Is that too much to ask?
Eisner doesn't think so. He has already committed 10 years and $1.4 billion to his central Floridian dream. When construction is completed in February 2001, what was once Disneyland's parking lot will be a shopping and dining district, a 750-room luxury hotel and a brand-new theme park. This new park—Disney's California Adventure (DCA)—will supposedly celebrate the best that the Golden State has to offer.
Once these pieces are in place, Eisner believes, the revamped Disneyland Resort will become California's premier vacation destination. That prospect thrills Orange County's motel and hotel owners, who'd love to see millions more tourists pour into the area each year.
Unfortunately for Eisner, not everyone in the area is as upbeat about Disneyland's expansion. Many nearby residents have been vocal in their opposition to DCA, citing the additional traffic problems and noise the expanded resort is sure to create. Then there are the diehard Disney enthusiasts who—instead of embracing the idea of a second Disney park in Anaheim—complain that Eisner is ruining Walt Disney's masterpiece by putting a park full of carnival rides right next door to Disneyland.
The Mouse pooh-poohs most of the project's critics, saying that once the doors are open at DCA, everyone will marvel at how the Walt Disney Co. has reinvented the Anaheim vacation experience. But it's harder for Eisner and company to dismiss criticism of Disneyland's expansion when it comes from within.

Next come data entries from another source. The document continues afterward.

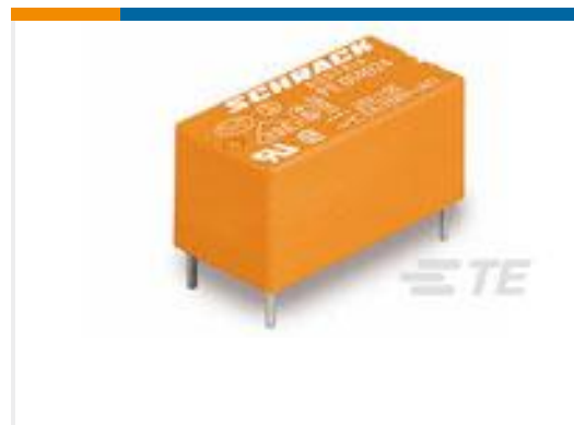
TE Part #1393219-3 PE014005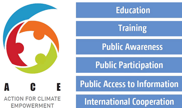
Figure 2. Diagram Depicting the Six Elements of Action for Climate Empowerment (Article 6 of the UNFCCC Convention)

Reprinted from United Nations Framework Convention on Climate Change, 2020 .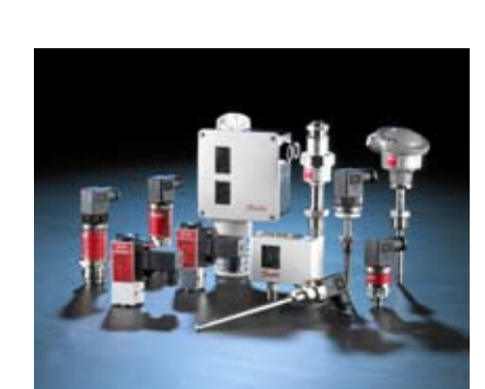
Sensors and Transmitters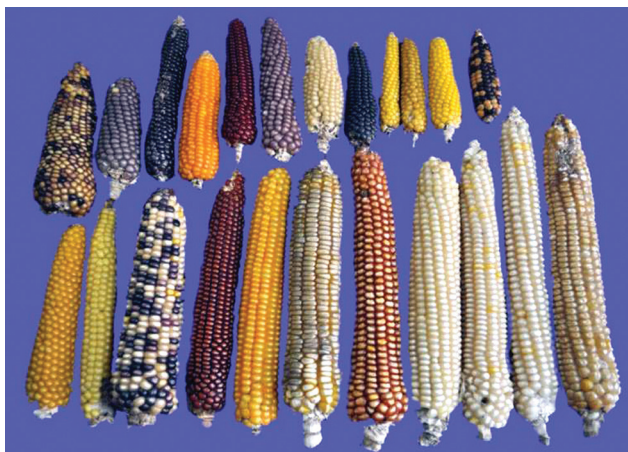
Fig 1 Maize collections showing variability in ear size, kernel colour and kernel type

be utilized for diversifying the pools and deriving inbred lines with diverse specific features, prolific popcorn and sticky inbred lines as Chinese landraces were also used for inbred development and hybrid maize breeding (Li 1998).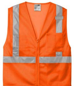
CORNERSTONE® ANSI 107 Class 2 Mesh Zippered Vest CSV102 | Adult Sizes: S/M, L/XL, 2XL/3XL, 4XL/5XL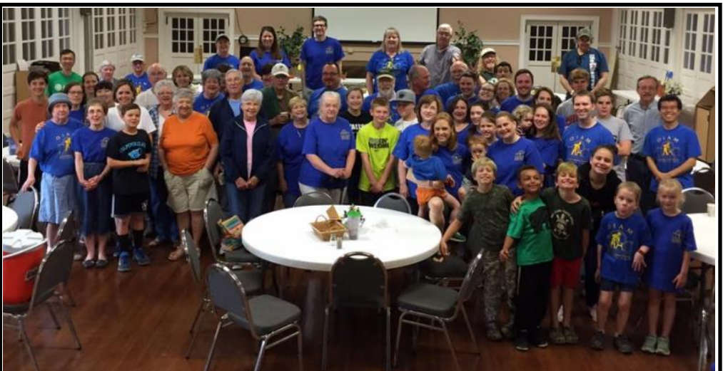
Photos from OIAM (Operation InAsMuch) 2017 at UBC — more can be found on the UBC Facebook page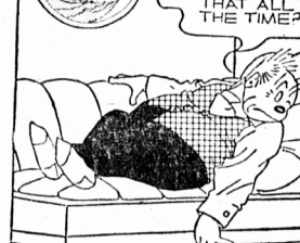
IM NOT BLOWING THE FOG-HORN—THERE ISN'T ANY FOG AND REEBES—THERES NO FOG-HORN ON THE YACHT!

By George McManus WHO KIN SLEEP AROUND HERE WITH THAT FOG-HORN GON' LIKE THE TIME?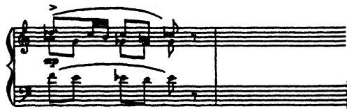
No. 3: 'Suffering' motif, no. 10

Example 1. "Suffering" and "Hammering" Motives of La Voix humaine [from Waleckx, "'A Musical Confession,'" 336–38]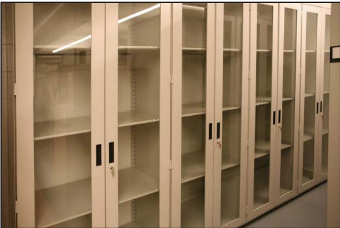
Globe cases - 2009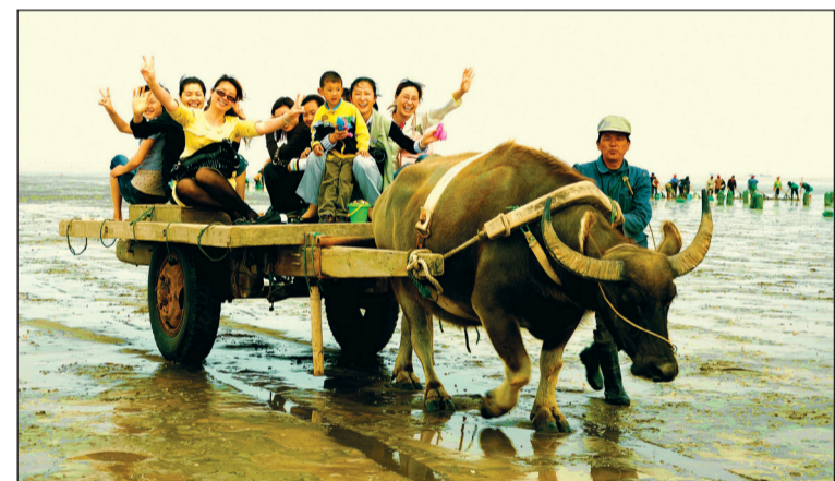
Tourists travel by oxcart at Qidong's scenic Gold Beach.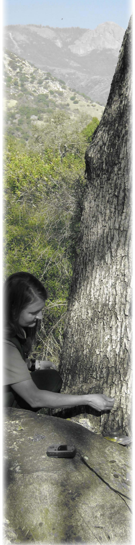
Conducting phenological monitoring at Sequoia and Kings Canyon National Parks.

Glaciers influence, and in many cases define, many components of the ecosystems in which they are found, and they are a central piece of the visitor experience. This study will not only provide valuable information on the status and recent trends of these glaciers to scientists, but will also inform decisions made by park managers about mitigation and adaptation efforts associated with climate change. In addition, it will assist interpreters in telling the complex stories of glaciers: their trends and their relationship to people and the environment. Contact: Bruce_Giffen@nps.gov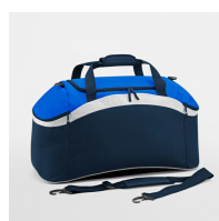
French Navy/Bright Royal/White

Several veteran Imagineers have reportedly warned Disney management that DCA, as it is currently designed, is a seriously flawed theme park. When it opens next year—with not nearly enough rides and attractions to handle the huge crowds that are sure to surge through the gates—DCA is almost certain to develop a bad reputation. Worse still, it may take years and hundreds of millions of dollars to finally set the place right.
Does this sound like the "Happiest Place on Earth" to you?
The Weepy Movie Mogul
Disney's California Adventure should have been a no-brainer for the Walt Disney Co.:
Step 1: Build new theme park right next door to Disneyland.
Step 2: Make sure new theme park is similar in capacity and quality to Disneyland.
Step 3: Throw open doors.
Step 4: Collect buckets of money.
Instead, the new park has become the subject of bad buzz. To understand why, a little Orange County history is in order. Only when you understand the mistake Walt Disney made back in 1955 can you appreciate the problems Michael Eisner is having in 2000.
Before Disneyland opened, Disney had pumped every cent he had into building the theme park. But Disney didn't have the dough necessary to build a hotel next door. He knew that having a nice hotel right next to the park would play a crucial part in the project's success.
In desperation, he turned to an old friend, television producer Jack Wrather. Producer of two of TV's earliest syndicated hits (Lassie and The Lone Ranger), Wrather was flush with cash, which he invested wisely in real estate around Southern California, giving him huge holdings in oil and natural gas.
Using the excuse that he wanted to pick Wrather's brain concerning his Disneyland project, Disney invited Wrather out to Anaheim for a tour of the construction site. It was only after Wrather got there that he realized Disney didn't want to pick his brain; Disney wanted to pick his pocket.
There, among the construction footings, Disney described his dream for Disneyland, how it was going to be a different kind of family fun park—and how he'd need a clean, new hotel nearby for visitors to stay in.
Wrather listened. Smiled. Nodded politely. Then he said, "No."
Disney persisted. Wrather resisted. To Wrather, Disney's idea made absolutely no sense. Disney didn't need a hotel. He needed his head examined.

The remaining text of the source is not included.